Ни на что не обращая внимания, он зашагал через Форум, сопровождаемый приветствиями, рукоплесканиями и свистом. Цепион остался стоять с пылающими щеками, не глядя на всадников, которым приказали явиться для выбора коллегии присяжных. После устроенной Скавром сцены присяжные все равно оправдали бы его, какие бы несокрушимые доказательства своей правоты ни предъявил бы Цепион.
«Я отзываю свои обвинения», – сказал Цепион и удрал домой.
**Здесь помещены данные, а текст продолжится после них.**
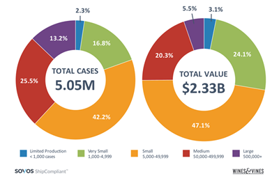不同規模的酒廠在葡萄酒直銷航運市場和整體市場中所占的市場份額有所不同。雖然美國三大酒廠的葡萄酒產量占總產量的60%,但小型酒廠在直銷市場中占主導地位。簡單來說,小型酒廠(年產量5000~49999箱的酒廠)占直銷總額的47.1%,占直銷總量的42.2%;更小的酒廠(年產量1000~4999箱的酒廠)排第二位,占直銷總額的24.1%,占直銷總量的16.8%;中型酒廠(年產量50000~49999箱的酒廠)占直銷總量的25.5%,但直銷額僅占20.3%;大型酒廠(年產量超過500000箱的酒廠)的發貨量占13.2%,直銷額僅占5.5%;而限量生產的酒廠(小于1000箱)的發貨量占2.3%,直銷額占3.1%。

Та же судьба ждет любого, кто выступит против Марка Эмилия Скавра, непревзойденного лицедея, позера и предводителя всех хороших людей. Честно говоря, я был в восторге. Цепион давно портил жизнь Марку Ливию Друзу, весь Форум об этом знает. Похоже, Цепион решил, что моему племяннику следовало бы занять его сторону, когда вскрылась история связи моей племянницы с Катоном Салонианом, а когда этого не произошло, вконец разошелся. Он по-прежнему продолжает злиться из-за того кольца.
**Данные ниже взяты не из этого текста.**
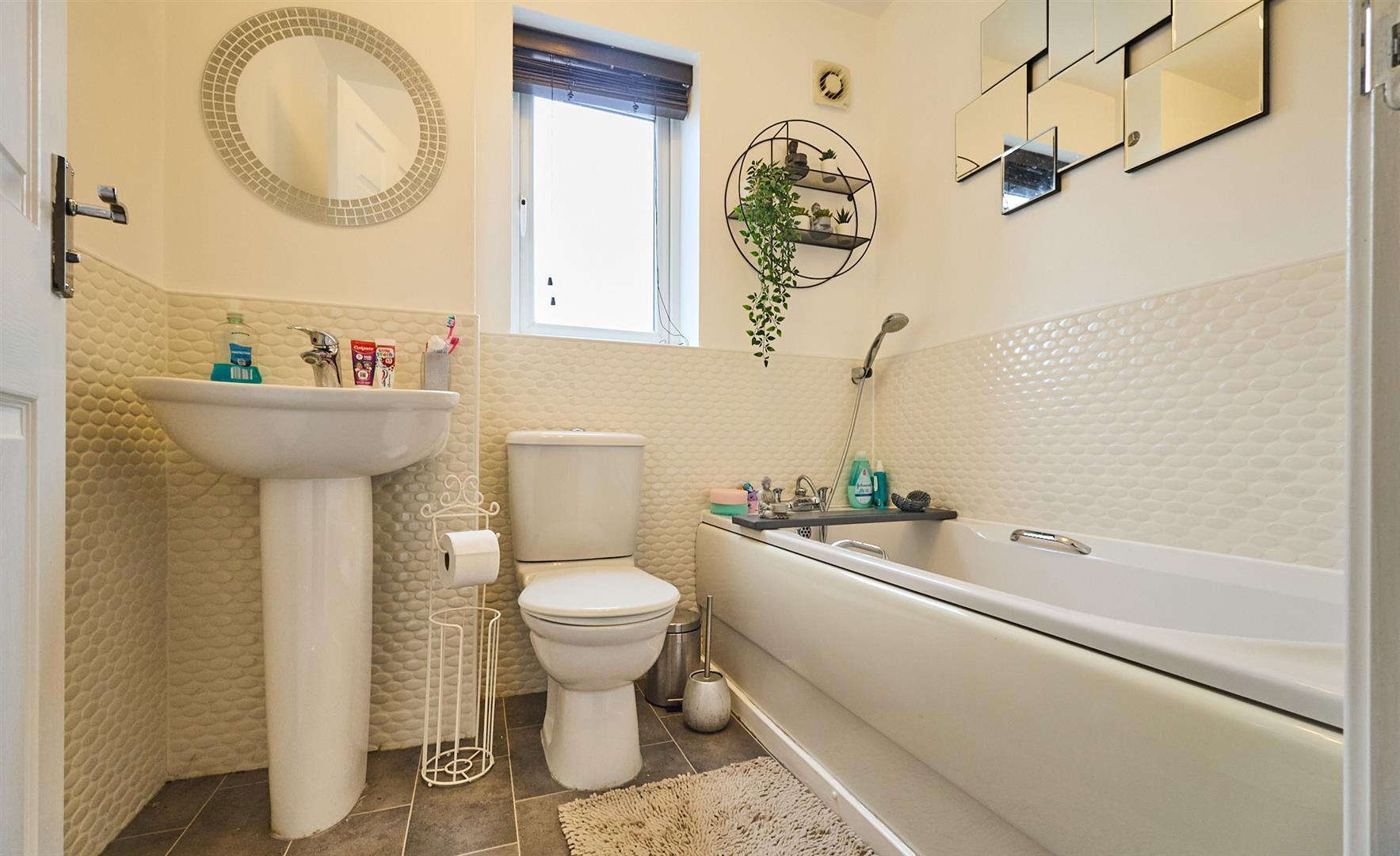 With white suite consisting panelled bath, pedestal wash hand basin and low level WC. Contrasting tiled surrounds. Vinyl flooring. Radiator and extractor fan.

Но довольно про Цепиона, не стану дальше марать это письмо упоминанием его имени. Благодаря народному трибуну Гнею Папирию Карбону у нас появился новый полезный закон. Счастье отвернулось от этого семейства, после того как его члены решили пренебречь своим патрицианским статусом. Два самоубийства в последнем поколении! Теперь же кучке молодых сторонников Папирия неймется посеять смуту. Несколько месяцев назад – ранней весной, как бежит время! – Карбон созвал
contio в плебейском собрании. Красс Оратор и великий понтифик Агенобарб только-только объявили себя кандидатами в цензоры. Карбон попытался протолкнуть через плебейское собрание новый вариант закона о зерне Сатурнина. Но возникла потасовка, погибли двое бывших гладиаторов, досталось нескольким сенаторам, и собрание было прервано по причине нарушения порядка. Красс Оратор из-за своей избирательной кампании тоже попал в переплет, ему испачкали тогу, и он был вне себя от ярости. В результате он внес в сенате постановление о том, что вся ответственность за соблюдение порядка во время собрания возлагается на созвавшего его магистрата. Постановление оценили как превосходное, и оно было принято. Если бы созванное Карбоном contio проходило после утверждения нового закона Красса Оратора, то трибуна обвинили бы в потворстве насилию и присудили бы к высокому штрафу.А теперь перехожу к самому лакомому известию.
Мы остались без цензоров!
«Что произошло, Публий Рутилий?» – слышу я твой возглас. Сейчас объясню. Сначала мы думали, что при всем несходстве характеров эти двое сработаются. Они утверждали государственные контракты, просматривали списки сенаторов и всадников, – как вдруг последовал указ об изгнании из Рима всех учителей риторики, кроме горстки обладателей безупречной репутации. Наибольший гнев вызвали учителя латинской риторики, хотя и грекам пришлось несладко. Ты знаешь эту публику, Луций Корнелий: за несколько сестерциев в день они гарантируют превращение сыновей нуждающихся, но честолюбивых римлян третьего и четвертого класса в законников, которые потом неустанно снуют по Форуму, охотясь на нашу легковерную, падкую на сутяжничество чернь. Эта братия даже не удосуживается учить на греческом, ведь язык большинства юридических процедур – латинский. Все согласны, что эти так называемые учителя риторики тянут вниз наши законы и законников, пользуются неосведомленностью и забитостью многих, выманивая имеющиеся у тех скудные деньги и позоря наш Форум! Теперь всем им пришлось убраться! Представь, какие проклятия обрушили они на Красса Оратора и на великого понтифика Агенобарба, но что толку? Закон есть закон. Остаться разрешено только учителям риторики с незапятнанной репутацией и с приличным числом клиентов.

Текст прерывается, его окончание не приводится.